L’ultimo capitolo sposta infine l’attenzione sulla storia repubblicana, che sino a tempi recenti non ha segnato rotture rispetto al passato. Nell’immediato secondo dopoguerra i governi italiani negarono le responsabilità – o le minimizzarono o le circoscrissero ad alcuni eccessi del regime fascista – anche allo scopo di strappare alle potenze vincitrici il permesso di mantenere una presenza territoriale in Africa. Il progetto fallì e allora sull’intera vicenda cadde ufficialmente il silenzio, che non venne in fondo scalfito nemmeno dalle rivendicazioni delle ex colonie, sia per le complesse vicende politiche che riguardarono ciascuna di esse nella seconda metà del Novecento, sia per l’assai esiguo afflusso di migranti postcoloniali sul nostro territorio nazionale.
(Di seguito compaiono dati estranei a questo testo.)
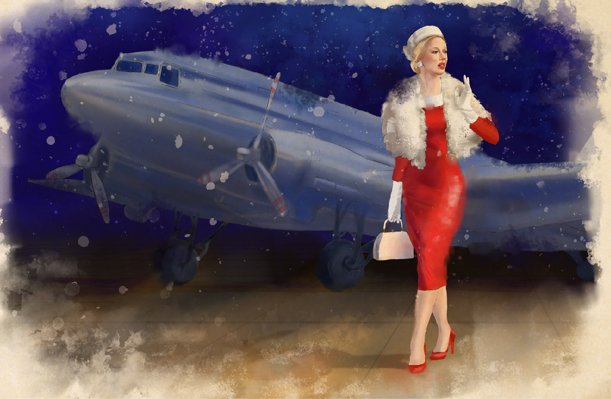 Девушка на аэродроме. Зима

In una sorta di larga intesa omertosa, i riferimenti all’“Oltremare” scomparvero dalla manualistica scolastica e i rari appelli alle istituzioni, relativi per esempio alla restituzione del patrimonio saccheggiato, caddero nel vuoto. Si è dovuto attendere il 1997 per una prima ammissione formale, quando il presidente Scalfaro in visita ad Addis Abeba definì criminale l’occupazione italiana dell’Etiopia. Al tempo, gli echi nel dibattito politico furono deboli ed è dovuta trascorrere ancora una generazione perché la questione, dopo una lunghissima stagione di amnesie, si stia finalmente affacciando nell’agone della memoria pubblica. Tra le spie di questo tardivo interesse vi è oggi, per contrapposizione, anche la reazione negazionista che su questi temi sta dilagando, in modo sistematico e organizzato, in particolare nel web: un revisionismo rancoroso che addita come “cultura della cancellazione”, forse non scorgendo il tratto paradossale di questa accusa, ogni tentativo di recuperare il passato rimosso. Il volume di Deplano e Pes è un robusto argine contro queste risacche nostalgiche e contro gli apologeti incalliti dell’impunità e dell’oblio.